The news comes as South Leicestershire College (SLC) unveils its new part-time course guide, offering adult learners – and employers – a range of professional qualifications across a range of industries, including construction. The college also has one of the largest Apprentice Recruitment Services in the East Midlands, for employers and individuals. The Recruitment Team offers free specialist support for those looking for opportunities and to employers who want to understand how apprenticeships can benefit their business.

The CBI and LLEP propose closer links with education as a major way to address the situation and ensure the next generation entering work are equipped with the right technical skills and attitudes to support their local communities. Indeed, the CBI reports the majority of its members want to work with schools and colleges to support work placement schemes, employer partnerships and apprenticeships, yet a quarter of firms state that their local education providers are not interested in these partnerships.

John Morgans, Chief Operating Officer at SLC, comments: “The traditional academic model remains a valid pathway for many to the world of work. But we need to find new pathways to support both young people and those in our local communities to give them a line of sight to employment.
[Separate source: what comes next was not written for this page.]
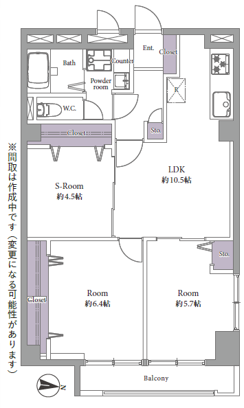 | 間取り詳細 | 洋室約6.4帖、約5.7帖、約4.5帖、LDK約10.5帖 |
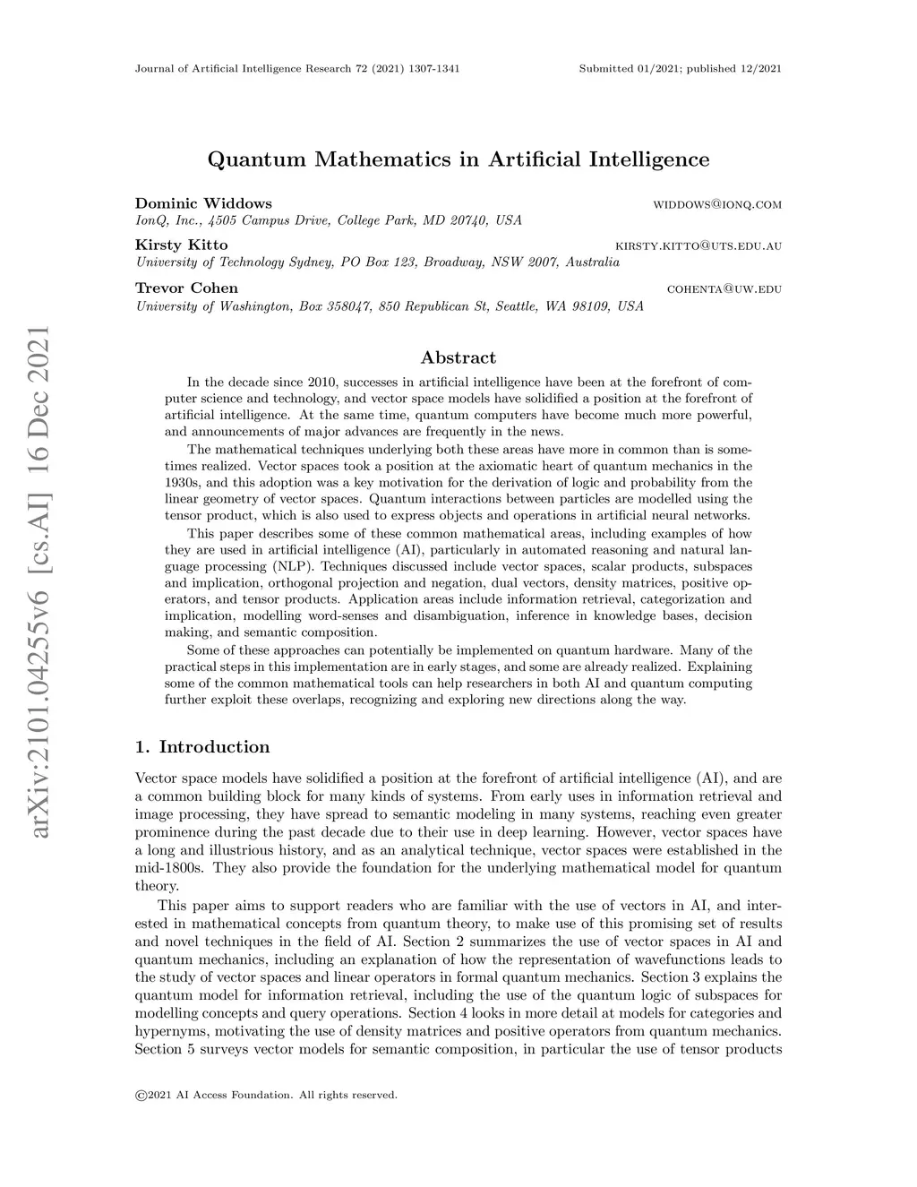 In the decade since 2010, successes in artificial intelligence have been at the forefront of computer science and technology, and vector space models have solidified a position at the forefront of artificial intelligence. At the same time, quantum computers have become much more powerful, and announcements of major advances are frequently in the news. The mathematical techniques underlying both these areas have more in common than is sometimes realized. Vector spaces took a position at the axiomatic heart of quantum mechanics in the 1930s, and this adoption was a key motivation for the derivation of logic and probability from the linear geometry of vector spaces. Quantum interactions between particles are modelled using the tensor product, which is also used to express objects and operations in artificial neural networks. This paper describes some of these common mathematical areas, including examples of how they are used in artificial intelligence (AI), particularly in automated reasoning and natural language processing (NLP). Techniques discussed include vector spaces, scalar products, subspaces and implication, orthogonal projection and negation, dual vectors, density matrices, positive operators, and tensor products. Application areas include information retrieval, categorization and implication, modelling word-senses and disambiguation, inference in knowledge bases, and semantic composition. Some of these approaches can potentially be implemented on quantum hardware. Many of the practical steps in this implementation are in early stages, and some are already realized. Explaining some of the common mathematical tools can help researchers in both AI and quantum computing further exploit these overlaps, recognizing and exploring new directions along the way.

This means placing employment at the heart of education and training, and delivering this alongside partners in business.

“Through these partnerships with business and local employers, companies can engage with the education and training process to ensure the needs for specific technical skills and the demand for ‘work ready’ candidates is met.

“At SLC we already work closely with local communities and employers to develop and deliver a dynamic curriculum strategy that drives academic excellence and nurtures the highest levels of technical and practical skills that reflect the needs of local industries.”

The CBI report also stated that two thirds of businesses invest in workforce training through supporting their staff with part-time study. Three quarters rely on external partners including further education colleges, to deliver their training strategy, although many remain dissatisfied over the quality and price from providers.  With 60% of businesses wanting to engage more with colleges to improve the quality and relevance of vocational qualifications.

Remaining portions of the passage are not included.